The Gold Coast Arts Center has learned to adapt to the limits caused by the coronavirus pandemic with virtual classes and sessions that cater to children, teens and adults.
“All of our faculty, staff, students and parents have all learned to adapt and embrace this ‘new normal,’” Gold Coast Arts Center Executive Director Regina Gil said. “We can’t be afraid of it.”
In early March, when the coronavirus pandemic began to affect the lives of Long Islanders, Gil said the staff started to come up with various plans and courses of action to prepare for whatever obstacles the virus could cause.
“One of the challenges we faced was adapting the courses to a virtual platform in such a rapid time frame,” said Ellen Schiff, director of the center’s School for the Arts. “We did not want to lose the momentum that each class had going into the pandemic, and I say we’ve accomplished that goal.”
According to statistics provided by Schiff, more than 250 students were enrolled in the center’s virtual spring classes. She said that the center maintained close to 90 percent of enrolled registrants for virtual classes since the pandemic began.
Now the center is offering a variety of programs that include drawing and creating new cartoon characters, singing, dancing, robotics, ceramics and more. Despite no in-person instruction, the virtual aspect has allowed a wider range of content to be produced, and a broader audience for it to be taught to.
“We’ve been able to get instructors from California and Florida, and even had someone from Colorado who signed up to take a class,” Gil said. “Now, people aren’t just judging us on our convenient location [in Great Neck], but rather for the content we can provide anyone, which we take great pride in.”
Schiff and Gil both touted the instructors’ collective dedication to creating innovative content and maintaining positive and strong-rooted relationships with their students despite not being immediately present with them.
“The directors, teachers and staff meet virtually every day,” Gil said. “Our dance teachers, for instance, have a deep bond and relationship with their students. For them, it’s more than just learning a few steps or a general routine. It’s a trust thing.”
“There’s so much personal attention that our staff provides our students on a daily basis,” Schiff said. “It’s about knowing the students and knowing the potential each one has.”
Schiff said there are a number of aspects that make the center’s virtual classes special and successful such as small class sizes, immediate feedback on work progress, encouraging social interaction, real-time direction from instructors, and specialized teaching for children from 4 to 16 years old.

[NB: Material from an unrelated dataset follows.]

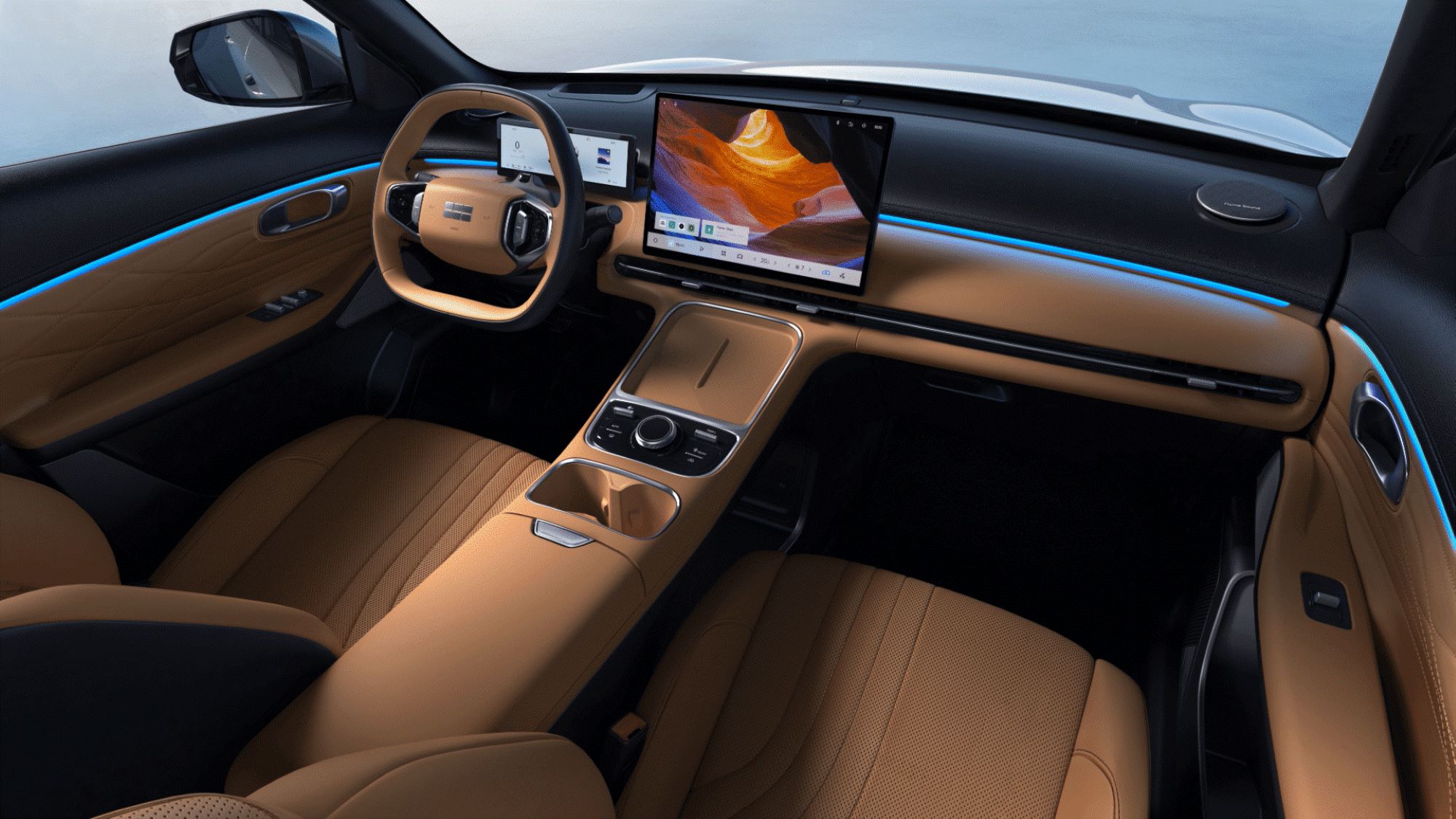 Barres de toit, Feu stop surélevé à LED, Feux arrière entièrement à LED, Feux de jour à LED, Hayon électrique, Jantes alliage 19 pouces, Phares automatiques à LED (avec fonction Follow Me Home), Rétroviseurs extérieurs chauffants, Rétroviseurs extérieurs rabattables électriquement, Rétroviseurs extérieurs réglables électriquement, Roue de secours à taille réduite, Toit ouvrant panoramique avec pare-soleil électrique, Vitres et pare-brise athermiques, Vitres arrière surteintées, Volant cuir multifonction, Accoudoir central arrière avec appuie-tête, Banquette arrière rabattable, Climatisation automatique, Commande à distance des vitres (y compris toit ouvrant), Eclairage d’ambiance 256 couleurs, Eclairage du coffre, Liseuses à l’avant et à l’arrière à LED, Lève-vitres électriques avec fonction une touche (montée/descente), Pare-soleil avant avec miroirs de courtoisie et éclairage, Rétroviseur intérieur électrochrome, Sellerie en Eco-cuir perforé, Siège conducteur à réglage électrique 6 positions, Siège conducteur avec fonction mémoire, Siège conducteur ventilé, Siège passager à réglage électrique 4 positions, Sorties d'air arrière, Système de régénération d’énergie au freinage, Aide au démarrage en côte (HAC), Airbags frontaux, latéraux et rideaux, Alerte de circulation transversale arrière (RCTA), Alerte ouverture de porte (DOW), Assistance au freinage (BAS), Assistant de changement de voie (LCA), Assistant de maintien dans la voie (LKA), Commutation automatique des feux de route (IHBC), Contrôle de descente (HDC), Contrôle de traction Geely (G-TCS), Contrôle électronique de stabilité (ESC), Coupure d’alimentation de sécurité en cas de collision, Détection d’angle mort (BSD), Fonction Auto Hold (AVH), Fixations Isofix sur sièges arrière, Frein de stationnement électrique (EPB), Freinage automatique en marche arrière (RCTB), Freinage d’urgence automatique (AEB), Lecture des panneaux de signalisation (TSI), Régulateur de vitesse intelligent (ICC), Répartition électronique de la force de freinage (EBD), Système d’atténuation de collision arrière (CMSR), Système d’atténuation de collision avant (CMSF), Système de freinage antiblocage (ABS), Affichage tête haute (W-HUD), Chargeur sans fil, Connexion Bluetooth, Ecran central HD 15,4 pouces, Ports USB (2 Type-A & 2 Type-C), Prise 12V à l’avant, Système audio Flyme Sound à 16 haut-parleurs, Système Geely avec Apple CarPlay, Tableau de bord LCD 10,2 pouces, Rappel de ceinture avant/arrière, Alarme anti-intrusion, Alerte de faible vitesse pour conduite électrique, Alimentation externe V2L (Vehicle-to-Load), Alimentation inter-véhicules V2V (Vehicle-to-Vehicle), Caméras panoramiques 540°, Démarrage sans clé et accès mains-libres, Dispositif d’ouverture d’urgence du coffre, Enregistreur d’événements, Radars de stationnement avant/arrière, Recharge programmée, Surveillance de pression des pneus (avec affichage digital, TPMS), Système antivol électronique, Verrouillage automatique des portes avec détection de vitesse, Verrouillage de sécurité enfant mécanique, Système de régénération d’énergie ajustable.

One of the newer courses that Gold Coast offers for interested teenagers is a college essay writing class designed for high school juniors and seniors. Students in the course will learn about common application essay questions, discuss strategies, and develop techniques that will enable them to write the perfect reflective and personal essay.
The center was also able to secure the Distant Cousins Band based in California to help educate teens on how to write, collaborate on and perform music. The band, Gil said, has tremendous experience in writing music for television and film.
“We haven’t really been able to offer these programs to a targeted teenage audience in the past since the ones in the area would be typically busy with work, internships, or other activities,” Gil said. “Now, we’re able to keep them entertained throughout the whole summer.”
Gil said the center, with help from the Village of Great Neck Plaza, was able to obtain permission to use the center’s parking lot for an outdoor painting session on July 22 and 29 from 6 to 8 p.m.